Its population (2001) is about 451. The village includes the Sørvik Barneskole school which houses grades 1 through 7, the Sørvik barnehage kindergarten, and the Sørvik sykehjem nursing home. Sørvik also has its own football team called SMIL (Sørvikmark Idrettslag). There is also the Sandtorg Church, and a gas station. In the churchyard are three British war graves.

==Sørvik Rural Museum==
There is also a rural/historical museum in boundary with the church and cemetery grounds, which is open every summer for visitors. The museum was founded in June 1953, and consists of several log buildings moved from various locations near Harstad Municipality.

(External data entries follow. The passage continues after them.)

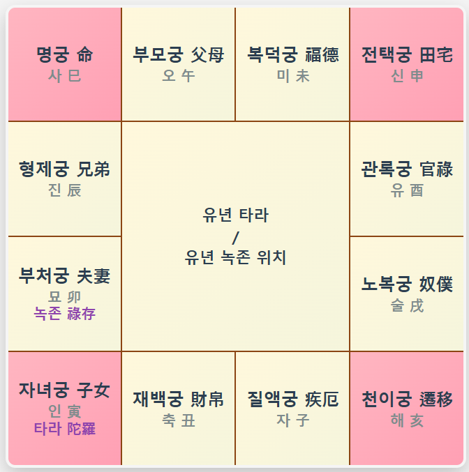 2025년 유년 타라성 위치 해석 자녀궁 (子女宮): '집 밖의 공간', '외부 활동', '자녀 관계', '협력 관계' 등을 나타냅니다. 전택궁 (田宅宮): '개인의 주거 공간', '부동산', '재산', '안정성' 등을 의미합니다. 타라성 (陀羅星): '지연', '장애', '반복되는 문제', '내적인 고뇌' 등을 상징하는 별입니다.
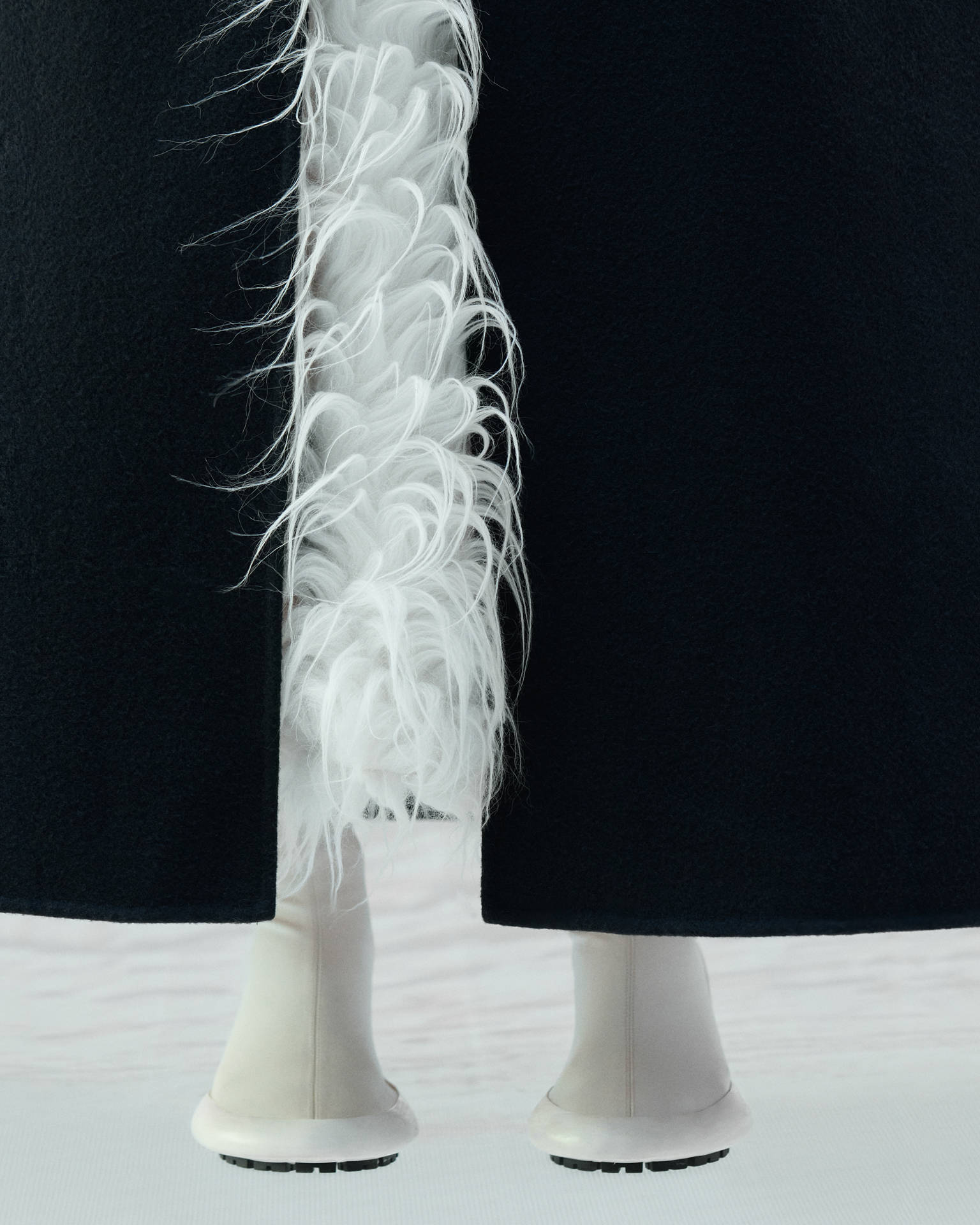 本系列的先锋设计藉由数字影棚短片与影像呈现,模特置身于壮丽自然景观的投影中,虚实交织,如梦似幻。巍峨松林与皑皑雪峰构成静谧背景,致敬盟可睐Moncler高山渊源。服饰作品凝结自然之静美,面料随形而动,风韵天成。
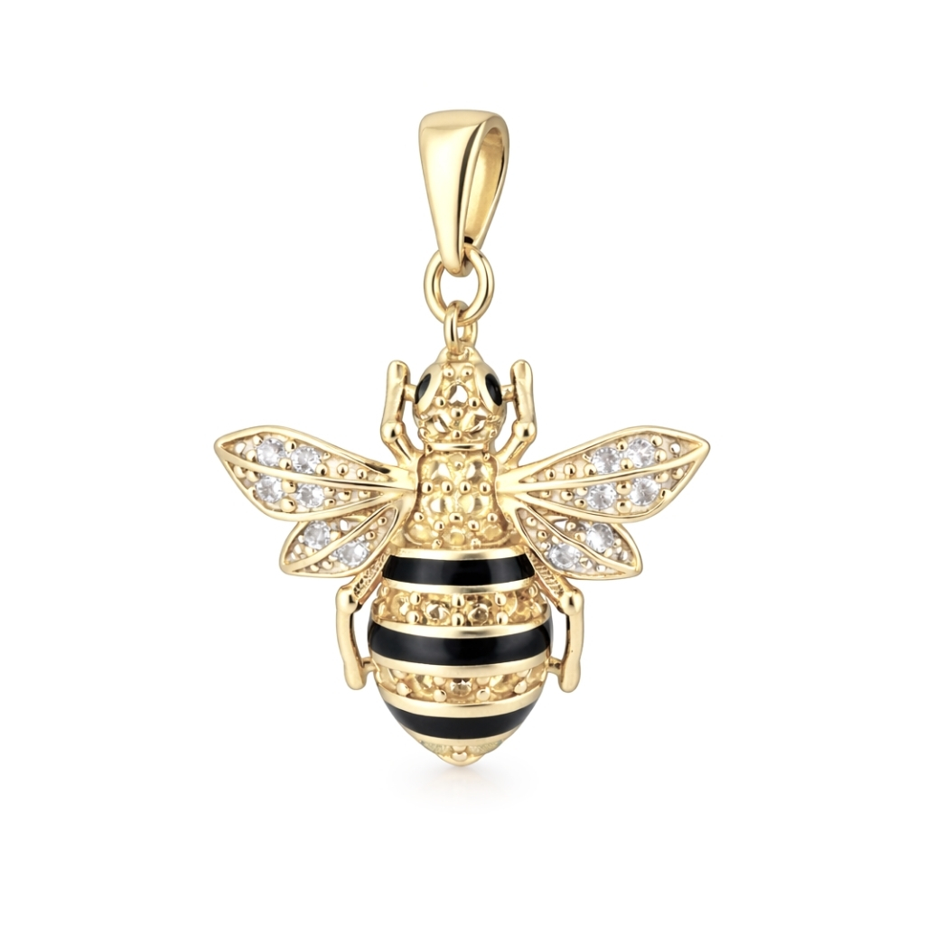 Zawieszka z motywem pszczoły została wykonana z wysokiej jakości złota próby 585 (14K). Precyzyjnie dopracowana forma zachwyca bogactwem detali. Skrzydła ozdobione lśniącymi cyrkoniami subtelnie odbijają światło, nadając biżuterii wyjątkowego blasku. Kontrastowe, ciemne akcenty podkreślają charakterystyczne pasy, nadając kompozycji wyrazistości i nowoczesnego wykończenia.

The museum displays early 20th-century and earlier Norwegian domestic life, regional log architecture, agricultural and fishing equipment, and historical tools. Guided tours are available for visiting groups.

==Vikevatnet==
Vikevatnet is a lake located about 1.5 km northwest of Sørvika. Vikevatnet is formed by various small brooks from nearby fens, but mainly from its main water source from Vollstadheia. The outgoing stream/river, known as "Sørvikelva", ends by the coast of Sørvika. This river was earlier populated by salmon and sea trout, but vanished because of the lack of continuous heavy water stream and earlier pollution. Vikevatnet is a popular fishing destination for families or fishing enthusiasts from all around Harstad Municipality and other nearby areas. The main population of fish consists of trout, Arctic char, and some freshwater eel (Anguillidae). The surrounding properties are mainly owned by local farmers or other landed property. The lake is also a very popular bird destination, and you can often see rather rare (for this area) birds in this area including swan, black-throated loon, dipper, snipe, Eurasian curlew, Eurasian whimbrel, northern lapwing, and a variety of freshwater ducks and grebe birds.

Vikevatnet in summer.
The most common guest of the waters is the Vikevatnet trout.

==Metal community==
Sørvika is locally known as a "metal-community". The heavy metal music movement is connected to the youth of the village. There have been several well-known bands that have their roots in the village. Examples are Cat Eye (who will soon sign their first record with a German company), Flame Thrower (who won Norway's biggest amateur rock-contest Rock Mot Rus in 2005), Eternal Silence, and Monkey Business.